* [Directions for this task] Please repeat the entries word for word and keep the images out.

== == ==

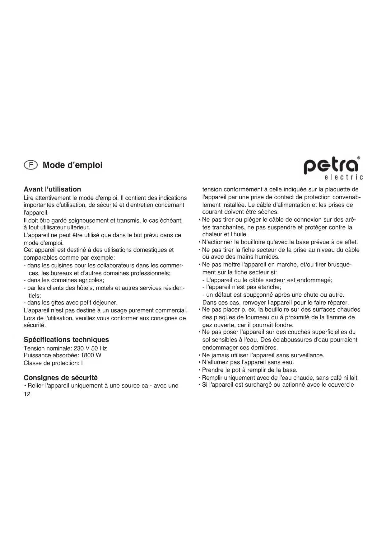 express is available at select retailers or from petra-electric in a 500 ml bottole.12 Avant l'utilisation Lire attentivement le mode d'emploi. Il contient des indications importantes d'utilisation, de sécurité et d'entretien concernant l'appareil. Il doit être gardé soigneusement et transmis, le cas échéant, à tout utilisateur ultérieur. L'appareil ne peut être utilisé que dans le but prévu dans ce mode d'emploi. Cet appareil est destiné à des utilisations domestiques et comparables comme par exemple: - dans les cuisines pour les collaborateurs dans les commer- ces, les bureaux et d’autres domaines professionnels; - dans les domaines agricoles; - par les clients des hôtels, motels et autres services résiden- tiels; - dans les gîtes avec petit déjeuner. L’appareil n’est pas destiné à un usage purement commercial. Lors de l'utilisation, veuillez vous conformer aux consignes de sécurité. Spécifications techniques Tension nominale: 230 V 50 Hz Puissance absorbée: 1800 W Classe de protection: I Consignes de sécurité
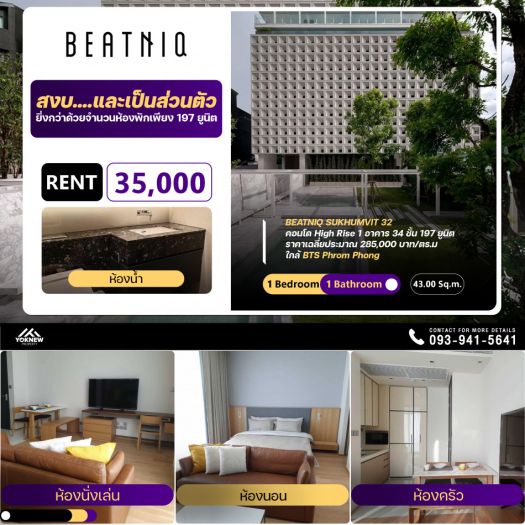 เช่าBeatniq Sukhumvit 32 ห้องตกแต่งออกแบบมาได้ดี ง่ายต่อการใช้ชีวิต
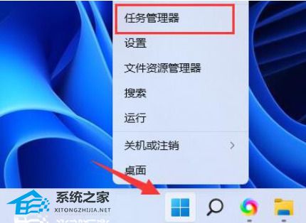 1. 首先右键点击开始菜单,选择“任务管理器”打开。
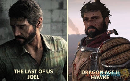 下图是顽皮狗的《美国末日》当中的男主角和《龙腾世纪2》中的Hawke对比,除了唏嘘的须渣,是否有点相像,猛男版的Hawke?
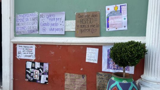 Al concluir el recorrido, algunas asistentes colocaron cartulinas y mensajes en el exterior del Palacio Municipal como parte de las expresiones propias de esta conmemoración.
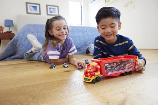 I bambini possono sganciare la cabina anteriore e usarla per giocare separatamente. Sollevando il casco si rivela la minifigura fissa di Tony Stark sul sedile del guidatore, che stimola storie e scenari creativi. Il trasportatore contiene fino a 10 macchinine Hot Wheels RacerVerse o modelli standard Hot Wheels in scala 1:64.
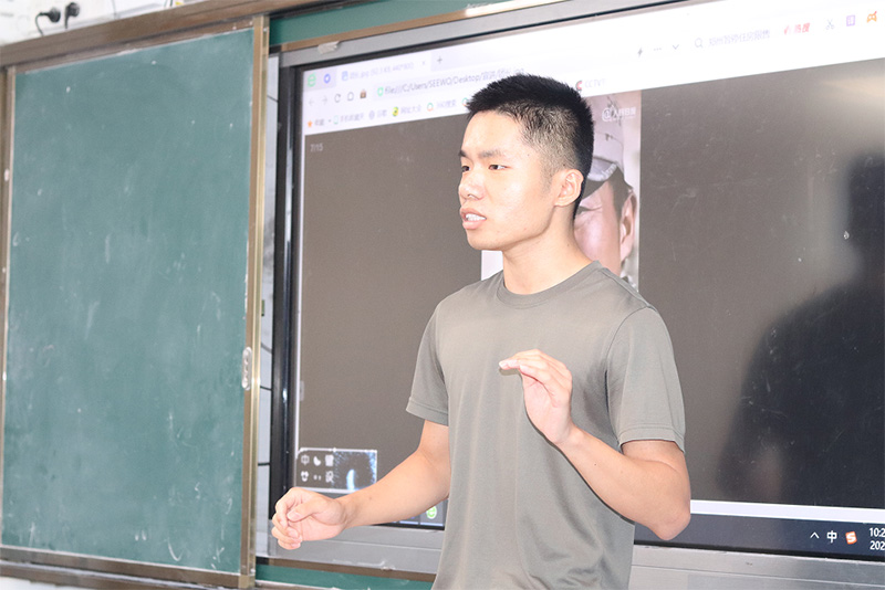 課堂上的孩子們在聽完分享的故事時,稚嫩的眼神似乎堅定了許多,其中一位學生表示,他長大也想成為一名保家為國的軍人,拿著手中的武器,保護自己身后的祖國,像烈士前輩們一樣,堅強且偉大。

== == ==

* [Output below]
 express is available at select retailers or from petra-electric in a 500 ml bottole.12 Avant l'utilisation Lire attentivement le mode d'emploi. Il contient des indications importantes d'utilisation, de sécurité et d'entretien concernant l'appareil. Il doit être gardé soigneusement et transmis, le cas échéant, à tout utilisateur ultérieur. L'appareil ne peut être utilisé que dans le but prévu dans ce mode d'emploi. Cet appareil est destiné à des utilisations domestiques et comparables comme par exemple: - dans les cuisines pour les collaborateurs dans les commer- ces, les bureaux et d’autres domaines professionnels; - dans les domaines agricoles; - par les clients des hôtels, motels et autres services résiden- tiels; - dans les gîtes avec petit déjeuner. L’appareil n’est pas destiné à un usage purement commercial. Lors de l'utilisation, veuillez vous conformer aux consignes de sécurité. Spécifications techniques Tension nominale: 230 V 50 Hz Puissance absorbée: 1800 W Classe de protection: I Consignes de sécurité
 เช่าBeatniq Sukhumvit 32 ห้องตกแต่งออกแบบมาได้ดี ง่ายต่อการใช้ชีวิต
 1. 首先右键点击开始菜单,选择“任务管理器”打开。
 下图是顽皮狗的《美国末日》当中的男主角和《龙腾世纪2》中的Hawke对比,除了唏嘘的须渣,是否有点相像,猛男版的Hawke?
 Al concluir el recorrido, algunas asistentes colocaron cartulinas y mensajes en el exterior del Palacio Municipal como parte de las expresiones propias de esta conmemoración.
 I bambini possono sganciare la cabina anteriore e usarla per giocare separatamente. Sollevando il casco si rivela la minifigura fissa di Tony Stark sul sedile del guidatore, che stimola storie e scenari creativi. Il trasportatore contiene fino a 10 macchinine Hot Wheels RacerVerse o modelli standard Hot Wheels in scala 1:64.
 課堂上的孩子們在聽完分享的故事時,稚嫩的眼神似乎堅定了許多,其中一位學生表示,他長大也想成為一名保家為國的軍人,拿著手中的武器,保護自己身后的祖國,像烈士前輩們一樣,堅強且偉大。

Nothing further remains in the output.